Note: For this task, I used Halloqveen’ Qveen Herby for analysis

1.1 Fetch Data from Spotify

# using spotifyr to grab lyrics data
# install.packages("spotifyr")
# install_github('charlie86/spotifyr')
library(spotifyr)

# # using genius to lyrics, failed
# library(geniusr)
# library(dplyr)
# library(tidytext)
# 
# Sys.setenv(GENIUS_API_TOKEN = 'MopeXJwy6Z5B5Jye3YCvgEYurwGxqFjjhkSrLZk2564jxgXTWjNtXxD94GllMwEc')
# 
# # Lyrics
# thingCalledLoveLyrics <- get_lyrics_id(song_id = 81524)

# switching to spotifyr library
# STEP 1: setting token
# get spotify access token:
Sys.setenv(SPOTIFY_CLIENT_ID = '5a8451083ff143ada759c6395dd343e1')
Sys.setenv(SPOTIFY_CLIENT_SECRET = 'aaaf9164b35d4fc1ada87f7e3a5f3b08')

access_token = get_spotify_access_token()

# get album data
Album_Songs = get_album_tracks("4g1ZRSobMefqF6nelkgibi", authorization = access_token)

# spotifyr did not provide a function for fetching lyrics, so to get lyrics, I have to use a external api provided by a Github author:
library(httr)
library(jsonlite)

# get the lyrics data
lyrics_df = data.frame(track_number = character(), line_number = character(), track_title = character(), timeTag = character(), words = character(), stringsAsFactors = F)
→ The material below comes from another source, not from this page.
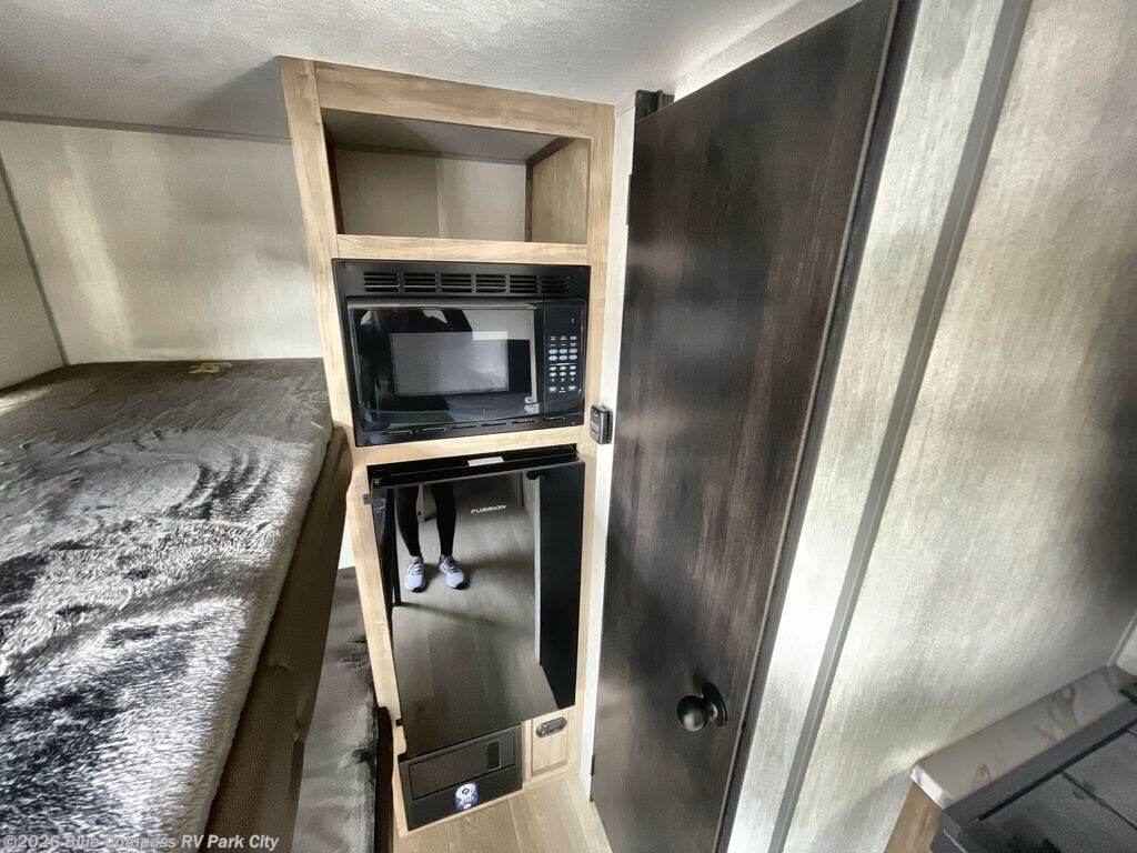 This travel trailer is perfect for epic road trips, memorable camping excursions, or rejuvenating getaways. The private bathroom is equipped with everything you need for a comfortable stay, providing a convenient spot to freshen up after a long day of exploring. The kitchen is equipped with a refrigerator for keeping drinks and ingredients fresh, and a microwave for quick reheating. The bunk beds are a great spot to take a nap or a kid's sleeping space. Overhead cabinets provide additional storage for cookware, dishes, and other essentials. In addition, the queen-sized bed provides a comfortable sleeping space, perfect for relaxing after a long day.

# use for loop to fetch lyrics song by song
for (i in 1:nrow(Album_Songs)) {
  # construct request header
  # API Source: https://github.com/akashrchandran/spotify-lyrics-api
  response = GET("https://spotify-lyric-api-984e7b4face0.herokuapp.com", query = list(trackid = Album_Songs$id[i], format = "lrc"))
  
  # parse the result
  response = content(response, "parsed")
  
  # convert to data frame
  line_index = 1
  for (line in response$lines) {
    new_row = data.frame(track_number = i, line_number = line_index, track_title = Album_Songs$name[i], timeTag = line$timeTag, words = line$words, stringsAsFactors = FALSE)
    lyrics_df = rbind(lyrics_df, new_row)
    line_index = line_index + 1
  }
}

# can also save the lyrics file into csv
# write.csv(lyrics_df, "lyrics.csv", row.names = T)
lyrics_df = read.csv("lyrics.csv")

library(knitr)

kable(head(lyrics_df))

X	track_number	line_number	track_title	timeTag	words
1	1	1	Obitchuary	00:21.54	Like a whisper have you heard the news
2	1	2	Obitchuary	00:25.61	That it’s over for a bitch like you?
3	1	3	Obitchuary	00:29.50	In the darkness, she was laid to rest
4	1	4	Obitchuary	00:33.41	Got a Birkin, I got no regrets
5	1	5	Obitchuary	00:38.63	You may not recognize me
6	1	6	Obitchuary	00:42.33	Obitchuary

1.2 Sentiment Analysis by Songs

# load the sentiment library and the lexicon
library(tidytext)

## 
## Attaching package: 'tidytext'

## The following object is masked from 'package:spotifyr':
## 
##     tidy

library(textdata)

## 
## Attaching package: 'textdata'

## The following object is masked from 'package:httr':
## 
##     cache_info

library(tidyverse)

## ── Attaching core tidyverse packages ──────────────────────── tidyverse 2.0.0 ──
## ✔ dplyr     1.1.3     ✔ readr     2.1.4
## ✔ forcats   1.0.0     ✔ stringr   1.5.0
## ✔ ggplot2   3.4.4     ✔ tibble    3.2.1
## ✔ lubridate 1.9.3     ✔ tidyr     1.3.0
## ✔ purrr     1.0.2

## ── Conflicts ────────────────────────────────────────── tidyverse_conflicts() ──
## ✖ textdata::cache_info() masks httr::cache_info()
## ✖ dplyr::filter()        masks stats::filter()
## ✖ purrr::flatten()       masks jsonlite::flatten()
## ✖ dplyr::lag()           masks stats::lag()
## ℹ Use the conflicted package (<http://conflicted.r-lib.org/>) to force all conflicts to become errors

head(get_sentiments("afinn"))

## # A tibble: 6 × 2
##   word       value
##   <chr>      <dbl>
## 1 abandon       -2
## 2 abandoned     -2
## 3 abandons      -2
## 4 abducted      -2
## 5 abduction     -2
## 6 abductions    -2

# get_sentiments("bing")
# get_sentiments("nrc")

# Combine the lyrics with lexicon

# pre-process
library(stringr)
## we need to make sure that the lyrics are characters
lyrics_df$words = as.character(lyrics_df$words)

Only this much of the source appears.